TASK: For this exercise, copy exactly every line from the one holding "Vsebina paketa: 126×" through the end of the data, both included. Omit pictures.

(Stored data)

◆ ◆ ◆ ◆ ◆ ◆ ◆

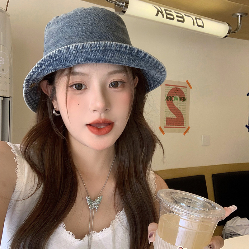 日本系レトロ水洗いデニム漁師帽子供春夏2024新型百合顔小日よけ日焼け止め盆帽
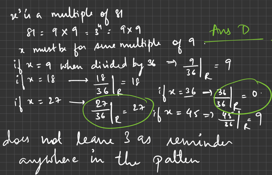 We need to find which of the given remainders (0, 3, 27) are possible when x is divided by 36.
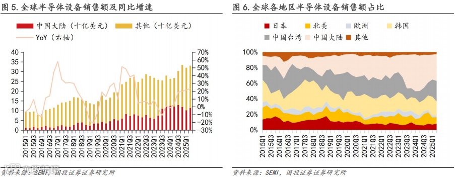 半导体设备在整个晶圆厂的成本拆分中占有较高份额,据SEMI数据,约占整个晶圆厂建设成本的70%-80%。25Q2全球半导体设备市场规模环比增加3.2%,同比增长23.5%,区域表现呈现显著分化,其中中国大陆市场环比+10.7%,同比-7.0%,主要系23Q2-24Q4本土晶圆厂建设高峰期推动设备采购处于高位导致25Q1出现环比回落,25Q2出现一定程度回升。其余各地区市场中,日本/北美/欧洲/韩国/中国台湾/其他地区设备销售额分别同比+66.5%/+15.0%/-24.5%/+30.8%/+124.9%/-27.5%,其中日本、韩国、中国台湾地区的同比高增主要系亚洲地区出货量增加的推动以及24Q2销售额较低带来的基数效应。
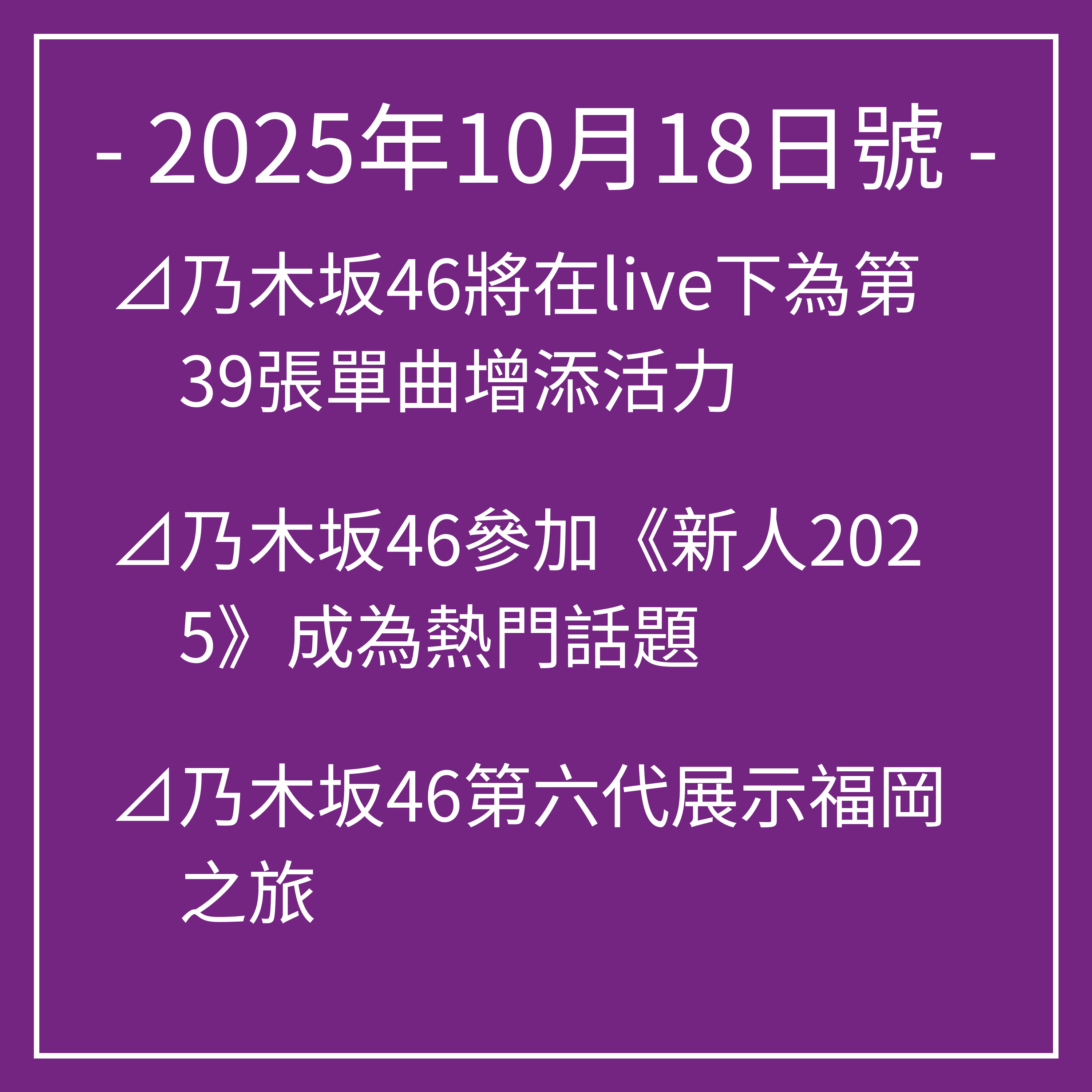 以上就是我們今天關於乃木坂46的頭條新聞
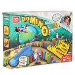 Vsebina paketa: 126× domine (4 barve), 2× letalo z izstreljevalnikom, deli prog, 2× kroglica, 1× figurica, 12× podstavek za domine, 52× izobraževalne nalepke (črke, številke, matematični znaki).
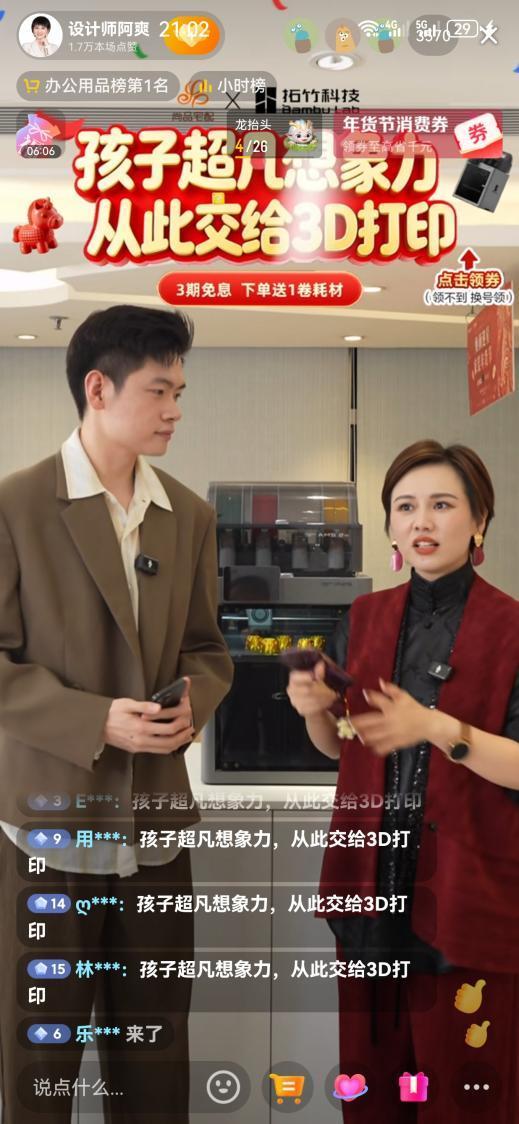 双方致力于共建中国家庭3D打印创客空间的愿景,传递深耕家庭场景的决心。依托设计师阿爽在家居设计领域的专业口碑、超高人气及千万粉丝基础,以及其自带的家居场景种草属性的影响力,直播实现了拓竹打印机及3D打印产品的高效转化,既验证了家庭3D打印市场的巨大潜力,也为双方合作的商业化落地奠定基础。此次直播更通过亲子互动场景,展现了拓竹科技在青少年STEM教育领域的应用价值,进一步强化了合作的社会意义。

◆ ◆ ◆ ◆ ◆ ◆ ◆

ANSWER SPACE:
 Vsebina paketa: 126× domine (4 barve), 2× letalo z izstreljevalnikom, deli prog, 2× kroglica, 1× figurica, 12× podstavek za domine, 52× izobraževalne nalepke (črke, številke, matematični znaki).
 双方致力于共建中国家庭3D打印创客空间的愿景,传递深耕家庭场景的决心。依托设计师阿爽在家居设计领域的专业口碑、超高人气及千万粉丝基础,以及其自带的家居场景种草属性的影响力,直播实现了拓竹打印机及3D打印产品的高效转化,既验证了家庭3D打印市场的巨大潜力,也为双方合作的商业化落地奠定基础。此次直播更通过亲子互动场景,展现了拓竹科技在青少年STEM教育领域的应用价值,进一步强化了合作的社会意义。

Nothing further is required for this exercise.